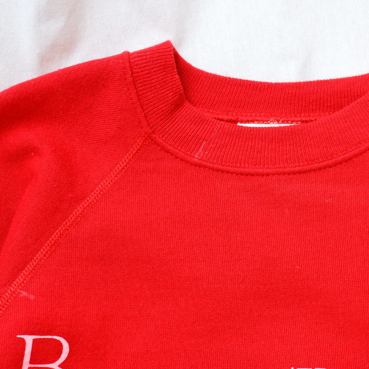 赤×ピンクに、レトロなフォントがたまらない90sスウェット。
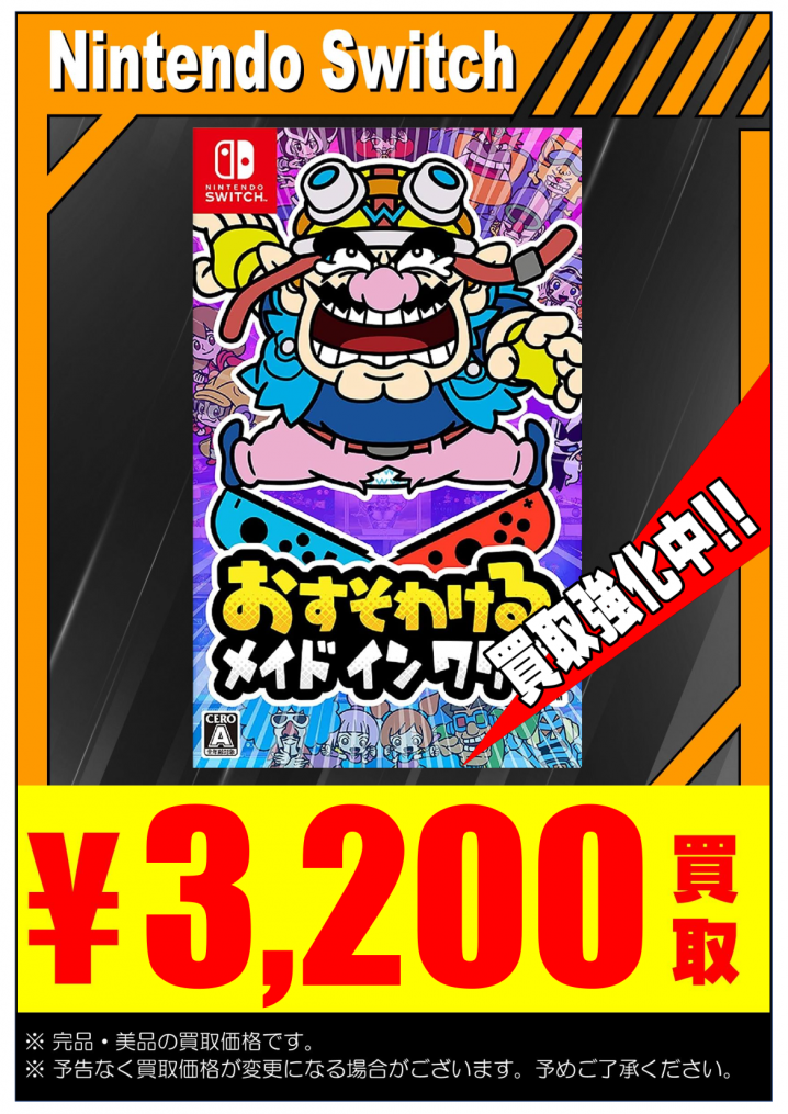 ★ゲームソフト買取告知★ おすそわけるメイドインワリオ 買取強化中! 是非当店買取へお売り下さい(*´▽`*) ※2021/9/12 現在の買取価格となります。 在庫状況・状態によってお値段が…
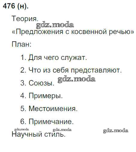 ГДЗ решение к заданию № 476 Русский язык 8 класс Бархударов Просвещение 2018 ФГОС бесплатно на гдз.мода!
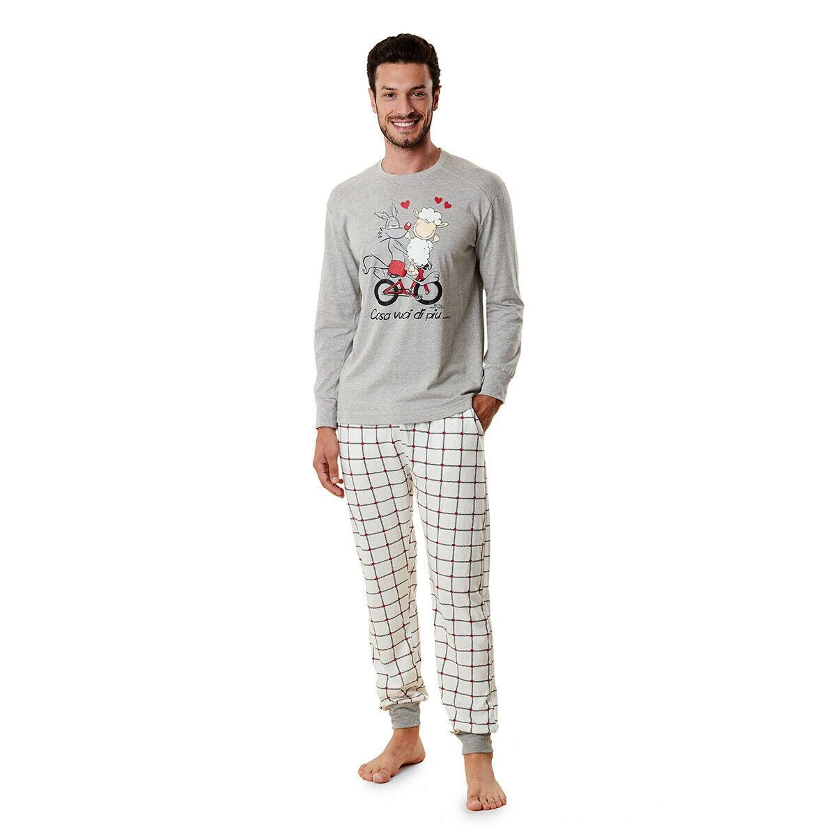 | Dettagli | La confezione contiene un pigiama per uomo composto da: Una maglia a manica lunga con girocollo e stampa centrale Un pantalone con motivo a quadri e piccoli cuori Un sacchetto porta pigiama Originale e casual Adatto anche per stare in casa Morbido e soffice cotone Ideale per tutto l’anno |
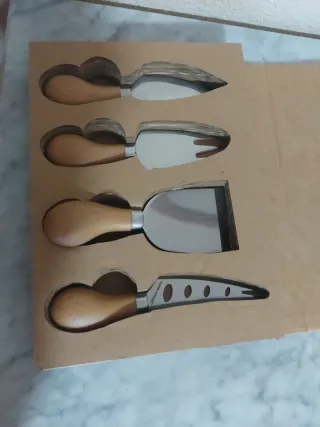 Conjunto de cuatro utensilios diseñados para servir y cortar quesos. Incluye diferentes tipos de cuchillos para adaptarse a distintas variedades de queso. - Cuchillo con punta para quesos duros. - Cuchillo plano para quesos blandos. - Tenedor para quesos. - Espátula para quesos.
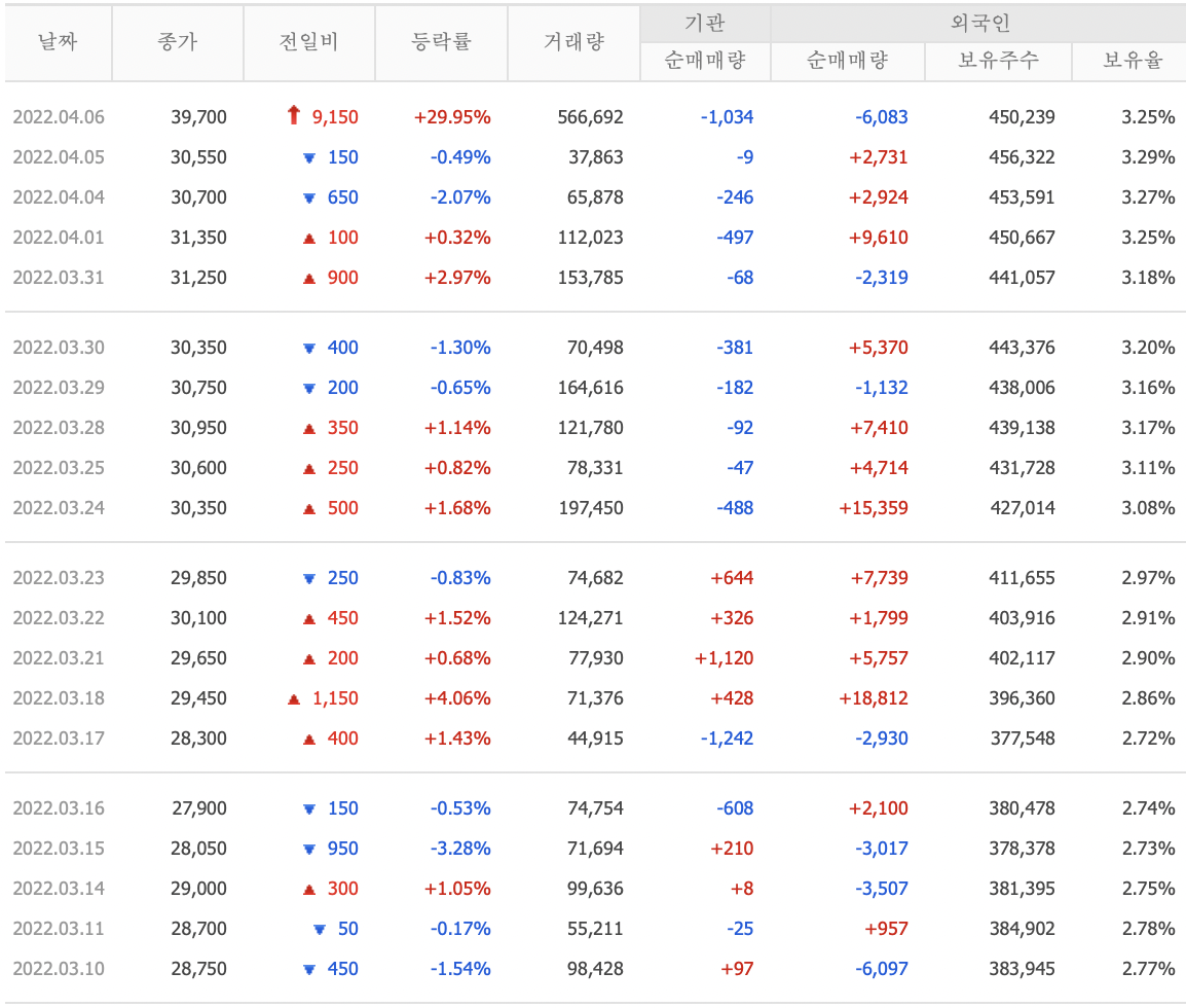 4월 6일 시간외 역시 상한가를 기록하며 마무리 되었다.

════════════════

▶ **PROBLEM REQUIREMENTS**
Restate the records above verbatim. Pictures stay out.

▶ **WRITTEN SOLUTION**
 赤×ピンクに、レトロなフォントがたまらない90sスウェット。
 ★ゲームソフト買取告知★ おすそわけるメイドインワリオ 買取強化中! 是非当店買取へお売り下さい(*´▽`*) ※2021/9/12 現在の買取価格となります。 在庫状況・状態によってお値段が…
 ГДЗ решение к заданию № 476 Русский язык 8 класс Бархударов Просвещение 2018 ФГОС бесплатно на гдз.мода!
 | Dettagli | La confezione contiene un pigiama per uomo composto da: Una maglia a manica lunga con girocollo e stampa centrale Un pantalone con motivo a quadri e piccoli cuori Un sacchetto porta pigiama Originale e casual Adatto anche per stare in casa Morbido e soffice cotone Ideale per tutto l’anno |
 Conjunto de cuatro utensilios diseñados para servir y cortar quesos. Incluye diferentes tipos de cuchillos para adaptarse a distintas variedades de queso. - Cuchillo con punta para quesos duros. - Cuchillo plano para quesos blandos. - Tenedor para quesos. - Espátula para quesos.
 4월 6일 시간외 역시 상한가를 기록하며 마무리 되었다.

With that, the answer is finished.